위의 값들이 실제로 0일 가능성은 희박해보이므로 0 값을 평균으로 대체해보겠습니다.
SkinThickness와 Insulin의 경우 0 값의 비율이 29.56%, 48.70%로 상당히 높아 변경 영향도가 상대적으로 더 클 것 같습니다.

# 0 값을 우선 np.nan으로 교체
diabetes_data[feature_list] = diabetes_data[feature_list].replace(0, np.nan)

# 위 5개 feature에 대해 0 값을 평균 값으로 대체
mean_features = diabetes_data[feature_list].mean()
diabetes_data[feature_list] = diabetes_data[feature_list].replace(0, mean_features)

그리고 로지스틱회귀의 경우, 숫자데이터에 스케일링을 적용하면 성능이 더 좋아지는 경우가 많으므로 StandardScaler를 적용해보겠습니다.

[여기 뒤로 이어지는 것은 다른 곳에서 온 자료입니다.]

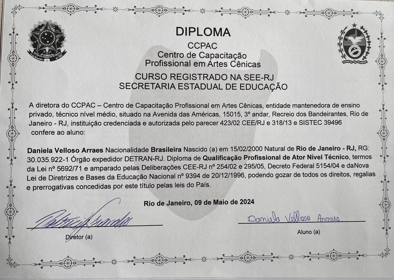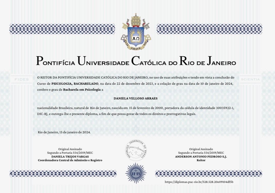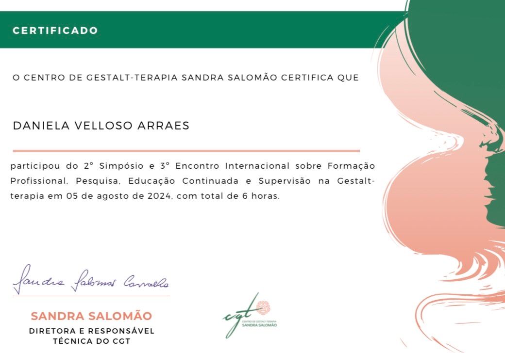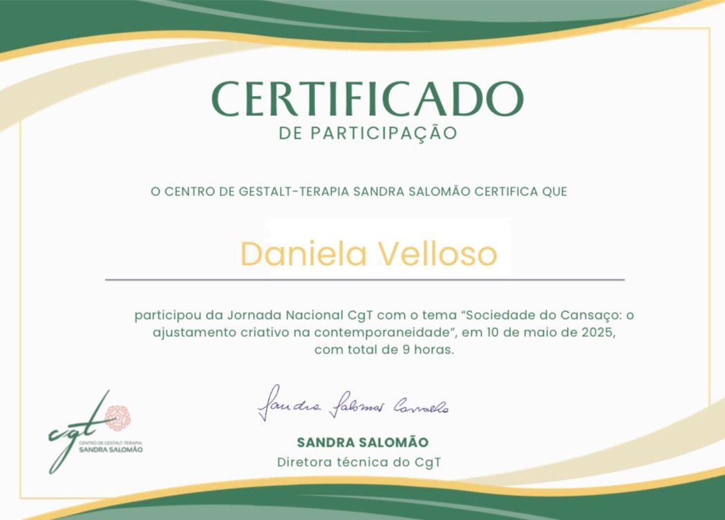 Olá! Meu nome é Daniela Velloso, eu sou psicóloga pela PUC-Rio, especializanda em gestalt terapia pelo Centro de Gestalt Terapia Sandra Salomão e pós-graduanda em "Psicologia e Artes Cênicas: intersecções e práticas" pela Casa das Artes de Laranjeiras.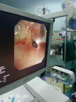 当激光照射到生物组织时,可出现光的吸收、反射、传导和扩散四种生物效应。经支气管镜激光治疗主要利用激光的热效应,激光照射活体组织时,一部分被组织吸收,光能转化为热能而产生一系列组织变化,如细胞水肿与死亡、蛋白凝固、组织水肿、脱手组织燃烧等。使受照射组织凝固、气化或碳化而达到消除病变的目的。近五年经支气管镜激光消融广泛应用于气管、支气管内增生性病变的治疗,使气管、支气管内增生性病变快速消融,使较小病变完全气化、部分病变充分凝固,随后坏死脱落、坏死组织通过吸引吸出或活检钳清除或术后患者咳出,达到通畅气道的目的。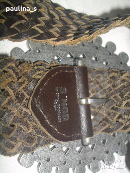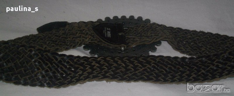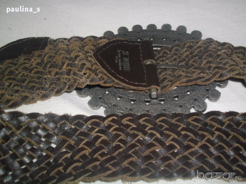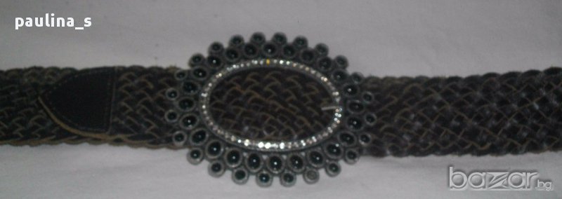 1. Дизайнерски колан от естествена кожа. Токата е декорирана с черни камъни, масивна, екстравагантна. Кожената част е в тъмно кафяво и е от сплетени в сложна плетеница кожени ленти, между които става закопчаването. Коланът може да се носи като декориращ аксесоар и с успех приложен към дънки. Бранда си дизайнерски с характерните за него декорации. Едно камъчще липсва, съобразено е с цената. Моля, разгледайте и другите обяви и последвайте профила. При покупка за над 70лв, поемам част от доставката до офис на Еконт и правя отстъпка от общата цена, така цената за доставката не изглежда толкова непосилна. Приятно разглеждане. Продажбата е с благотворителна цел, цената е крайна.

# 데이터 셋에 StandardScaler를 적용하여 변환하기
X = diabetes_data.iloc[:, :-1]
y = diabetes_data.iloc[:, -1]

scaler = StandardScaler()
X_scaled = scaler.fit_transform(X)

# 데이터를 훈련과 테스트 데이터로 분리
X_train, X_test, y_train, y_test = train_test_split(X_scaled, y, 
                                                    test_size = 0.2,
                                                    random_state = 156,
                                                    stratify = y)

# 로지스틱 회귀로 학습, 예측, 평가 수행
lr_clf = LogistricRegression()
lr_clf.fit(X_train, y_train)
pred = lr_clf.predict(X_test)
get_clf_eval(y_test, pred)

# 출력:
오차행렬:
 [[89 11]
 [21 33]]

정확도: 0.7922
정밀도: 0.7500
재현율: 0.6111
F1: 0.6735
AUC: 0.7506

0 값을 평균으로 처리한 후 스케일링을 하고 나니 앞선 예측보다는 소폭 개선되었습니다.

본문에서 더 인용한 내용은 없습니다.